• _What needs to be done_:
Transcribe each record exactly, but omit pictures.

• _Data items_:
========
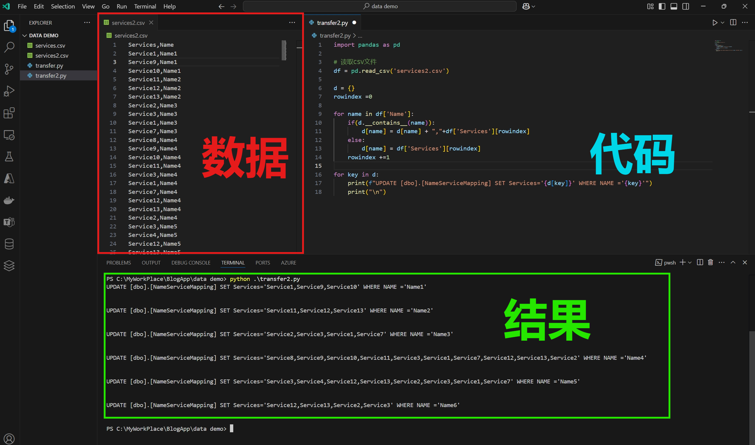 - 最后循环字典 d, 并生成 UPDATE SQL语句
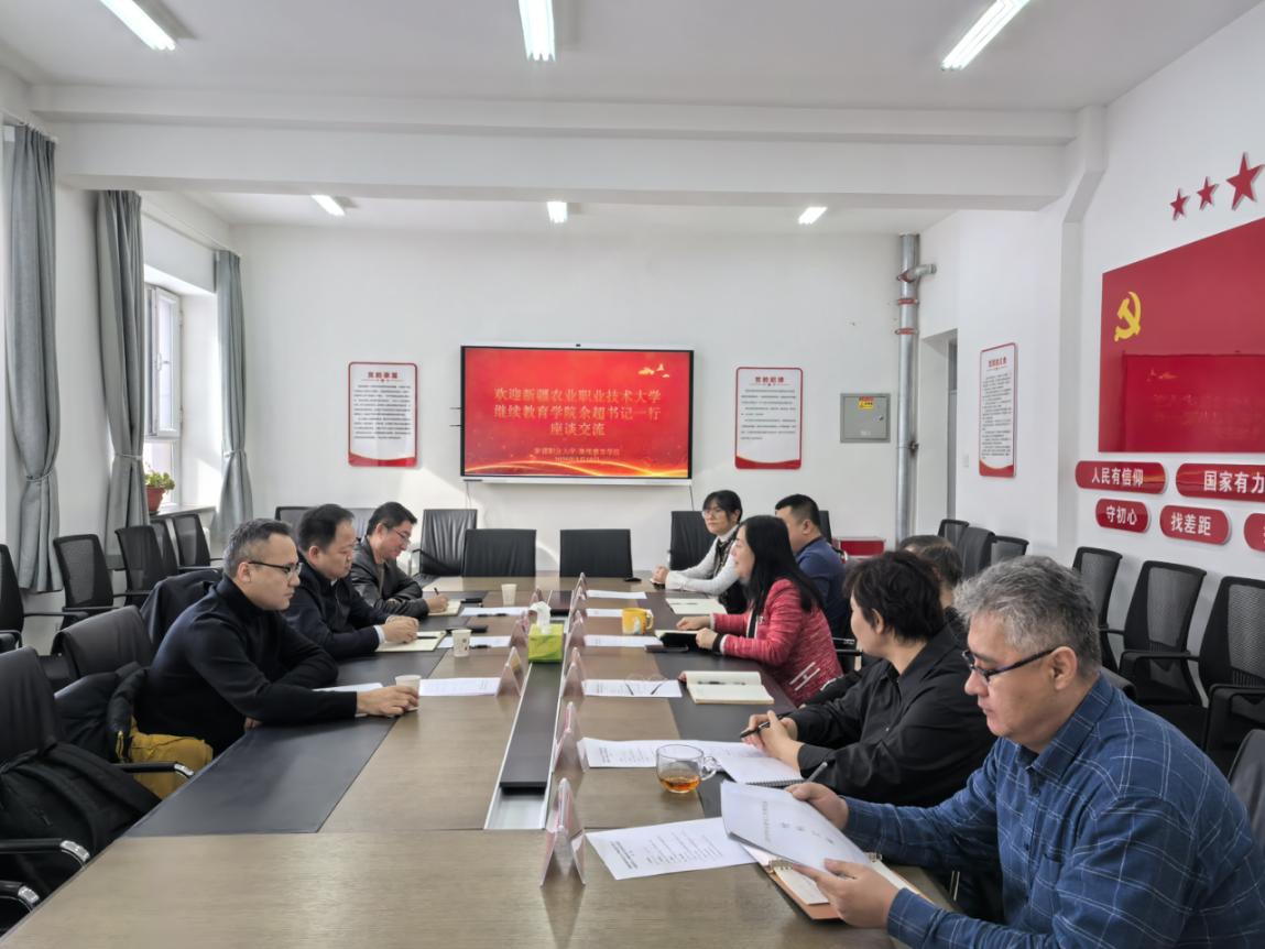 座谈会上,继续教育学院直属党支部书记连卫钰同志详细介绍了我校及继续教育学院的基本情况。新疆农业职业技术大学继续教育学院书记、院长余超同志就服务“三农”领域开展继续教育和社会培训的特色做法进行介绍。双方围绕师资队伍建设、招生宣传、培训项目开发等共同关心的问题展开深入讨论。座谈会结束后,余超书记一行对我校普通话水平测试工作站进行了参观。
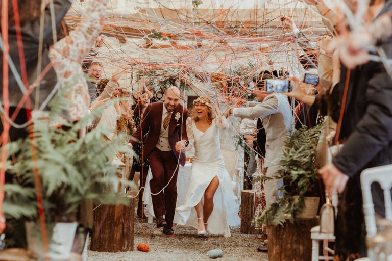 Le principe : Généralement en fin de cérémonie. On envoie les pelotes de chaque côté de l'allée et on l'enroule autour de poignet, et ainsi de suite jusqu'à tisser une grande toile. Les mariés passent en dessous avec une musique festive !
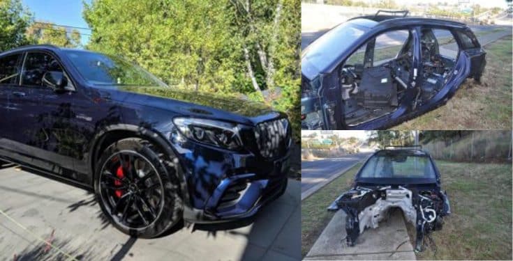 While sharing photos of his stripped car, he disclosed that the auto parts which had barcodes and identification numbers were all left on the road.
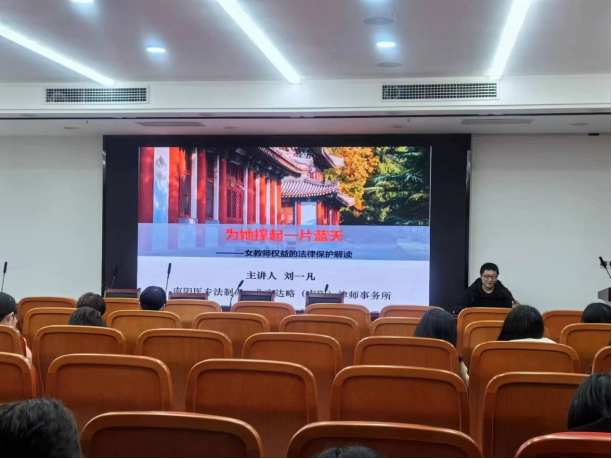 讲座邀请了南阳医专法制办教师、北京达略(南阳)律师事务所律师刘一凡为大家进行普法宣传。刘老师以《为她撑起一片蓝天——女教师权益的法律保护解读》为主题开展讲座,重点围绕家庭暴力、妇女的财产权益保护、妇女的劳动就业权益保障等方面进行了细致讲解。刘老师结合实际案例,对女教师在日常生活、工作中经常碰到的婚姻关系、财产分配、人身权益、劳动权益等方面的问题进行剖析,并提出了针对性的解决方法。
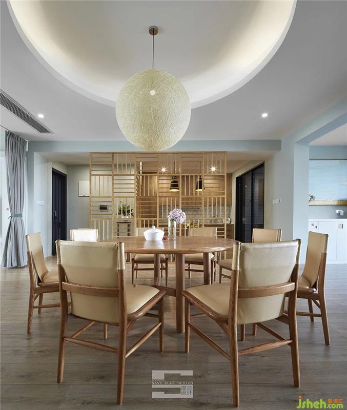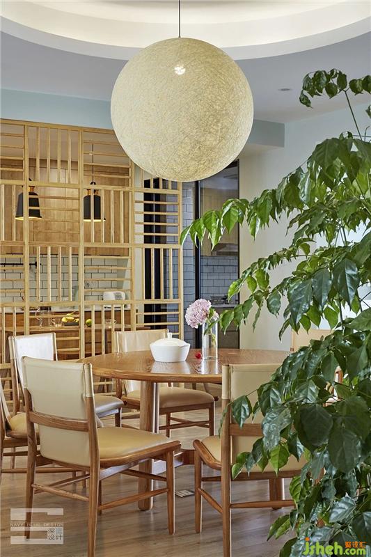 餐厅与西厨相衔区域格栅屏风的设计,使两个空间互相独立又互相接连,从美学和功能的角度释放空间潜力,打造耐人寻味的氛围写照。
========
• _Response area_:
 - 最后循环字典 d, 并生成 UPDATE SQL语句
 座谈会上,继续教育学院直属党支部书记连卫钰同志详细介绍了我校及继续教育学院的基本情况。新疆农业职业技术大学继续教育学院书记、院长余超同志就服务“三农”领域开展继续教育和社会培训的特色做法进行介绍。双方围绕师资队伍建设、招生宣传、培训项目开发等共同关心的问题展开深入讨论。座谈会结束后,余超书记一行对我校普通话水平测试工作站进行了参观。
 Le principe : Généralement en fin de cérémonie. On envoie les pelotes de chaque côté de l'allée et on l'enroule autour de poignet, et ainsi de suite jusqu'à tisser une grande toile. Les mariés passent en dessous avec une musique festive !
 While sharing photos of his stripped car, he disclosed that the auto parts which had barcodes and identification numbers were all left on the road.
 讲座邀请了南阳医专法制办教师、北京达略(南阳)律师事务所律师刘一凡为大家进行普法宣传。刘老师以《为她撑起一片蓝天——女教师权益的法律保护解读》为主题开展讲座,重点围绕家庭暴力、妇女的财产权益保护、妇女的劳动就业权益保障等方面进行了细致讲解。刘老师结合实际案例,对女教师在日常生活、工作中经常碰到的婚姻关系、财产分配、人身权益、劳动权益等方面的问题进行剖析,并提出了针对性的解决方法。
 餐厅与西厨相衔区域格栅屏风的设计,使两个空间互相独立又互相接连,从美学和功能的角度释放空间潜力,打造耐人寻味的氛围写照。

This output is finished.